= Encompass Trust =

Youth Development Organization
Encompass: The Daniel Braden Reconciliation Trust is a UK-registered charitable organisation involved in youth development.

== Organization ==

Encompass was set up following the death of Daniel Braden in the 2002 Bali Bombings by his family and girlfriend. Determined to make something good out of the tragedy, their decision attracted a lot of media attention for Encompass.

Encompass works with youths from the UK, US, Israel, the Palestinian Territories and Indonesia in an attempt to break down cultural barriers and promote mutual understanding between young people from these countries.

Encompass' work has been described as an important in tackling the problem of 'bringing together Israelis and Palestinians' and as having 'a key role to play in our post-9/11 world'.

== Partnerships ==
From 2005 until 2010 Encompass worked in partnership with the Outward Bound Trust UK, with the 'Journey of Understanding' taking place at an Outward Bound centre either in Scotland or Wales.

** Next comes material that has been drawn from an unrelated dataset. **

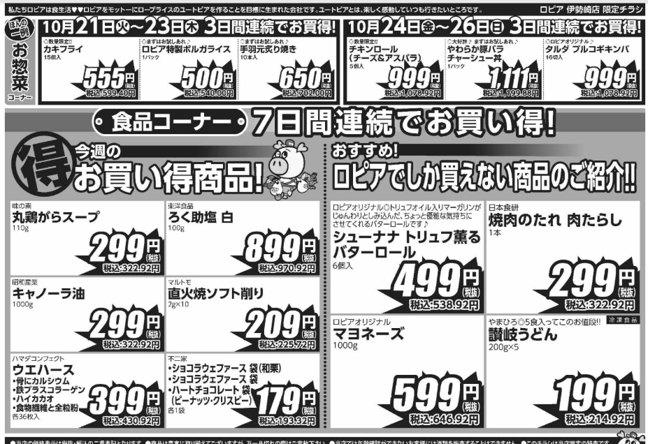 ロピア伊勢崎店の『最新のチラシ』2025年10月21日(火)~10月27日(月)を紹介いたします。

Since 2010, Encompass has been working with The Prince's Trust, with their Pembrokeshire Adventure Centre in Wales playing host to the 'Journey of Understanding' participants.

US participants come from the student body of Syracuse University, one of Encompass' Partners.

Encompass works with other groups and organisations with similar objectives, both in the UK and abroad. For instance the Berakah Project played at a recent fundraising music event, 'A Peace of Music', in July 2011. They have also worked with other charities including Freedom from Torture, with whom they put on a gig in May 2010, raising money for the two charities.